Expanding upon these approaches, bioactive molecule-releasing scaffolds have been developed to deliver osteoinductive or anti-resorptive agents in a controlled, site-specific manner. Collagen-based matrices loaded with BPs have achieved more than a twofold increase in defect fill and notable improvements in trabecular microarchitecture in osteoporotic animal models. 95 Similarly, carbonate apatite scaffolds functionalized with anti-sclerostin antibodies have restored bone remodeling dynamics by facilitating osteocyte differentiation and reducing osteoclastic activity. 96 Multifunctional polymeric composites combining parathyroid hormone and simvastatin within GelMA/PLA scaffolds have further enhanced osteogenic marker expression (ALP, BMP-2, COL-1, and OCN) and promoted robust bone formation in osteoporotic cranial defects. 97 Together, these developments trace a clear evolution, from ion-mediated immunomodulation to multi-drug, microenvironment-responsive delivery systems transforming biomaterials from passive defect fillers into dynamic therapeutic platforms that orchestrate osteogenesis, angiogenesis, and immune regulation for functional restoration of osteoporotic bone.

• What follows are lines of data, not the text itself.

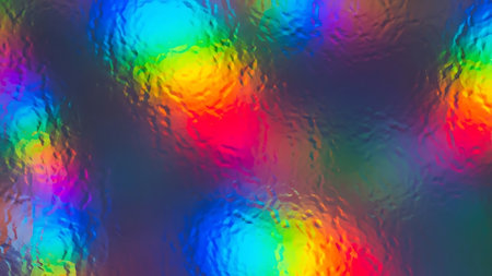 Vibrant light refractions creating a rainbow effect on a glossy surface with a bokeh background.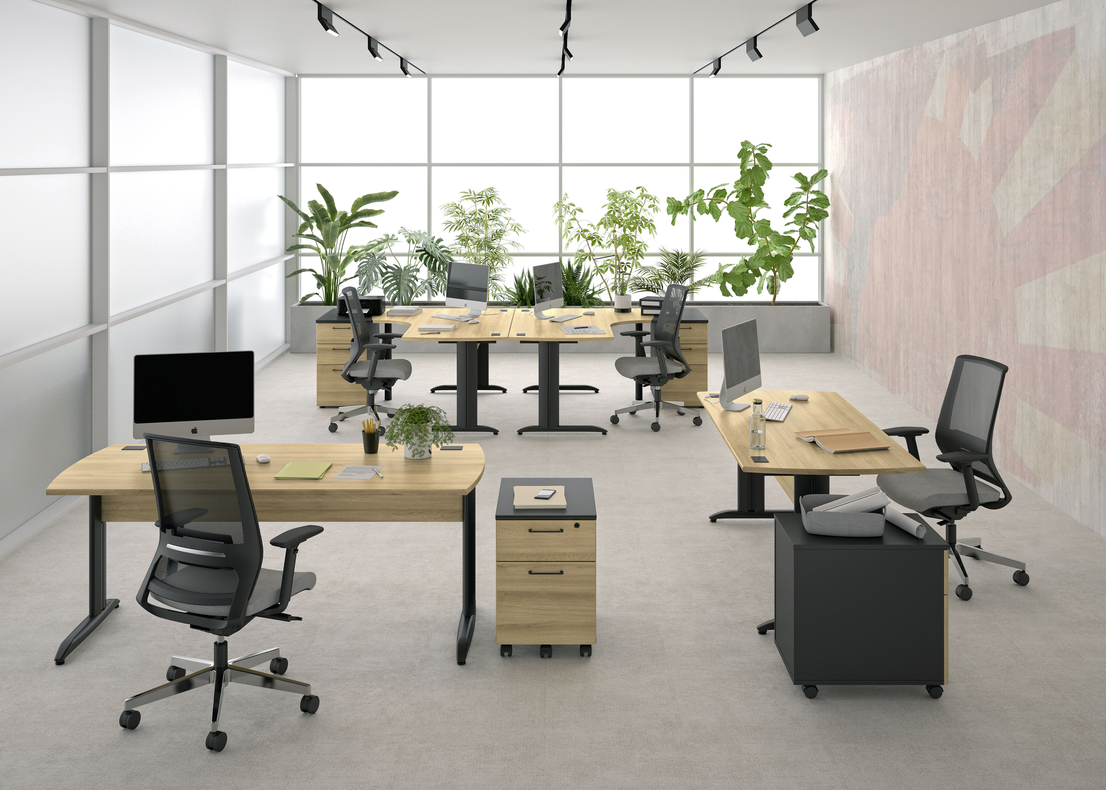 La gamma Quarta Plus è una gamma completa che offre scrivanie con gambe pannellate o metalliche, cassettiere e soluzioni di archiviazione per adattarsi a ogni esigenza. Disponibile in diversi colori nella versione bicolore, è perfetta per l'arredamento di uffici collettivi o singoli.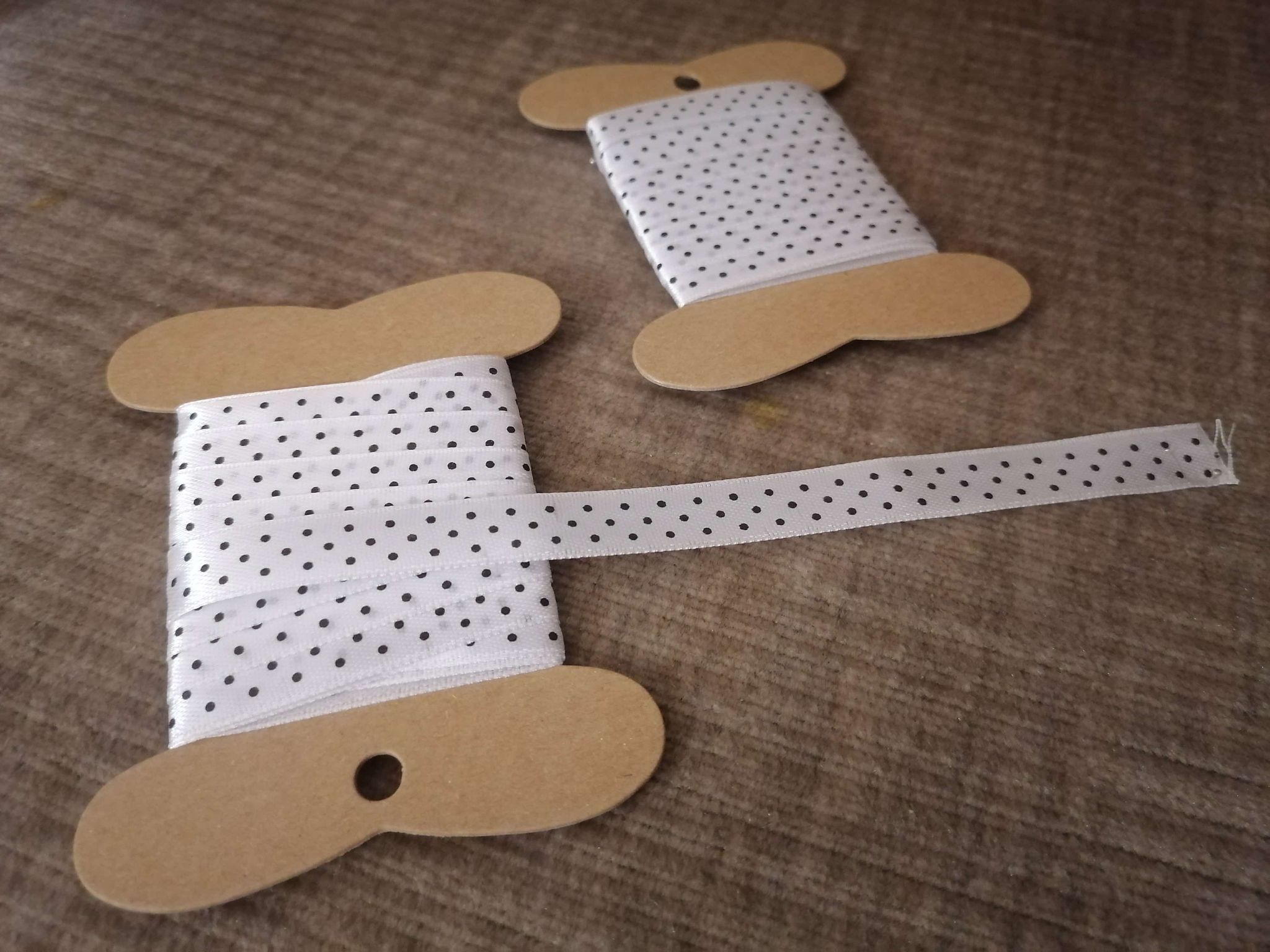 Stuha saténová s bodkami 12mm - biela s tromi bodkamiSkladom 15 ks0,80 €/ ks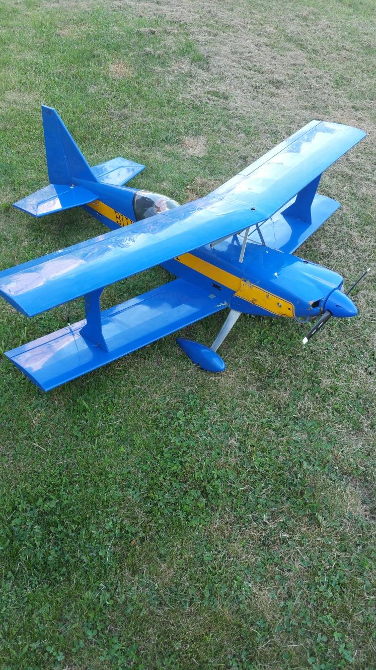 Dave patrick ultimate bipe in bluehawk scheme. Pumped O.S. 1.20 4 stroke. Ready to bind and fly with spektrum receiver. Also have a complete matching airframe for additional $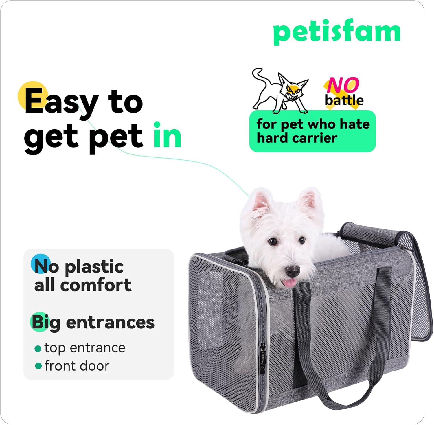 - MUCH COMFORTABLE AND SAFER THAN HARD CARRIERS. Cats may be terrified in a hard shell carrier and get hurt, petisfam soft travel carrier will be less intimidating and more comfortable and safer for them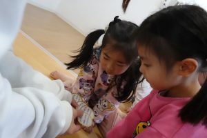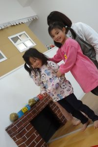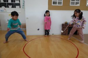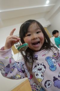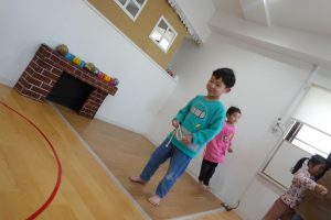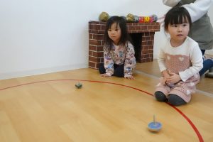 今週月曜日、体調不良でお休みしていたお子様たちが復活し久しぶりに全員揃ったので、第二回こま回し大会を行いました♪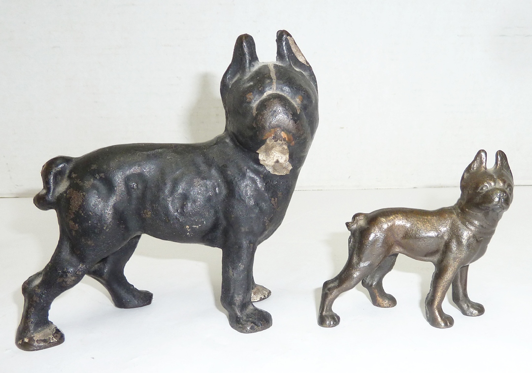 IN-HOUSE SHIPPING OR PICKUP AVAILABLE ~ Take a look at this PAIR of vintage cast iron Boston Terrier dogs! Two different sizes to complete your Hubley collection ~ take a look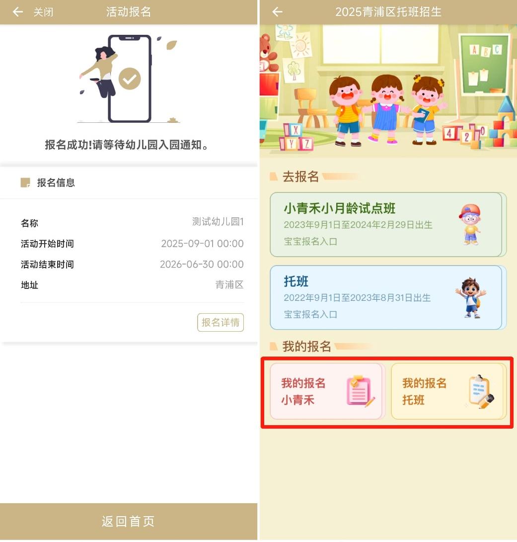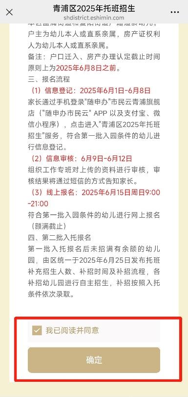 家长通过手机登录"随申办"市民云青浦旗舰店("随申办市民云" APP 以及支付宝、微信小程序),点击进入"青浦区2025年托班招生"服务,符合第一批入园条件的幼儿进行信息登记。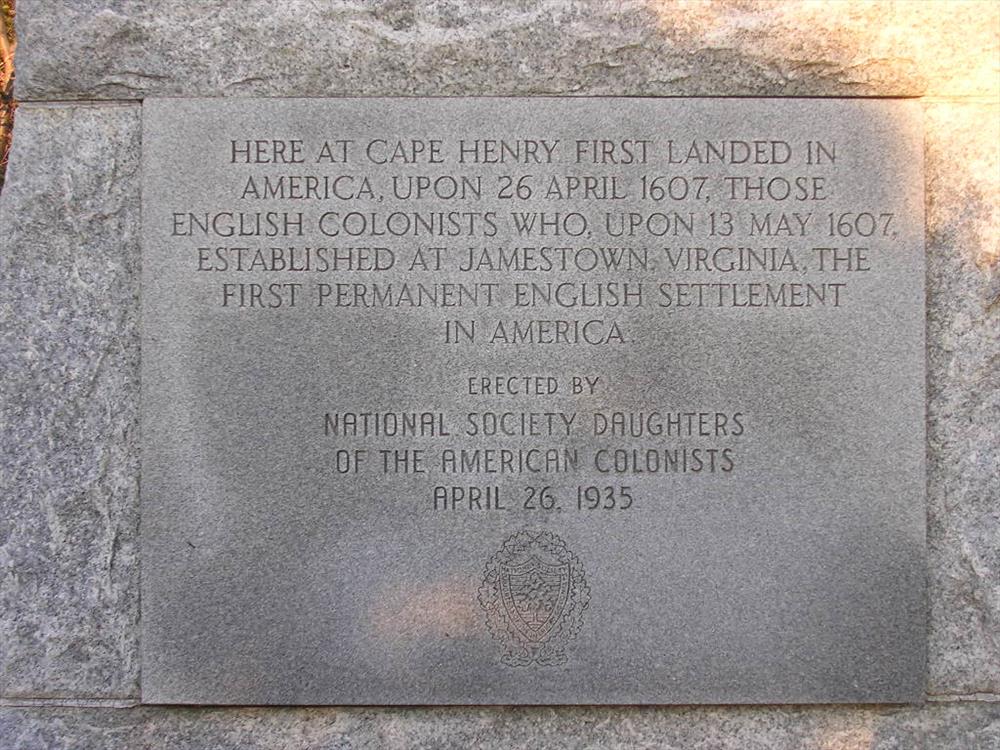 Here at Cape Henry, English colonists first landed on 1607 April 26; they later landed at Jamestown on 1607 April 26. Just off the shores on 1781 September 05 in the Battle of the Capes, French Admiral Comte deGrasse defeated a British fleet which prevented them relieving Lord Cornwallis at the Battle of Yorktown. Originally part of Princess Anne County, Virginia, the county was absorbed into the independent city of Virginia Beach. The site is within the secured area of Fort Story.

Biomaterials combined biological therapeutics
MSC-Loaded scaffolds
MSC-loaded scaffolds have emerged as powerful platforms for bone regeneration due to their ability to enhance osteogenic differentiation and paracrine signaling. MSCs seeded onto biomimetic scaffolds not only differentiate into OBs but also modulate local environments through secreted factors that support angiogenesis and immune modulation. Moreover, studies have consistently reported that MSC-loaded hydrogels, nanofibrous meshes, and 3D-printed porous scaffolds increase bone volume and quality in preclinical models. 98 Preconditioning MSCs via BMP-2 priming or genetic modification further amplifies these benefits. For example, BMP-2-pretreated MSCs on nanofibrous bacterial cellulose scaffolds exhibited early and enhanced matrix mineralization and bone maturation. 99
Recent studies have advanced MSC-loaded scaffold strategies by integrating angiogenic stimulation, biochemical modulation, and natural compound loading to synergistically enhance osteogenesis. A study fabricated a 3D-printed porous titanium alloy scaffold combined with adipose-derived MSCs (ADSCs) and platelet-rich-plasma (PRP) gel, demonstrating in a rabbit femoral defect model that the construct significantly enhanced vascular network formation and new bone deposition compared to scaffolds alone. 100 Similarly, another study reported that a kaempferol-loaded bioactive glass-based scaffold seeded with BMMSCs achieved an approximately 200% increase in new bone area (NB%) after 12 weeks relative to non-cell-loaded controls in a rat calvarial defect model. 101 Complementary reviews, such as Saberian et al., summarize how scaffold systems combined with stem cells benefit further from preconditioning and growth-factor gradients, including stromal cell-derived factor-1 (SDF-1), connective tissue growth factor (CTGF), and transforming growth factor β3 (TGF-β3) that improve MSC recruitment, survival, and differentiation in bone regeneration settings. 102 Collectively, these findings highlight that coupling MSCs with pro-angiogenic cues, natural osteoactive compounds, and targeted cytokine signaling can markedly amplify scaffold-mediated bone repair outcomes.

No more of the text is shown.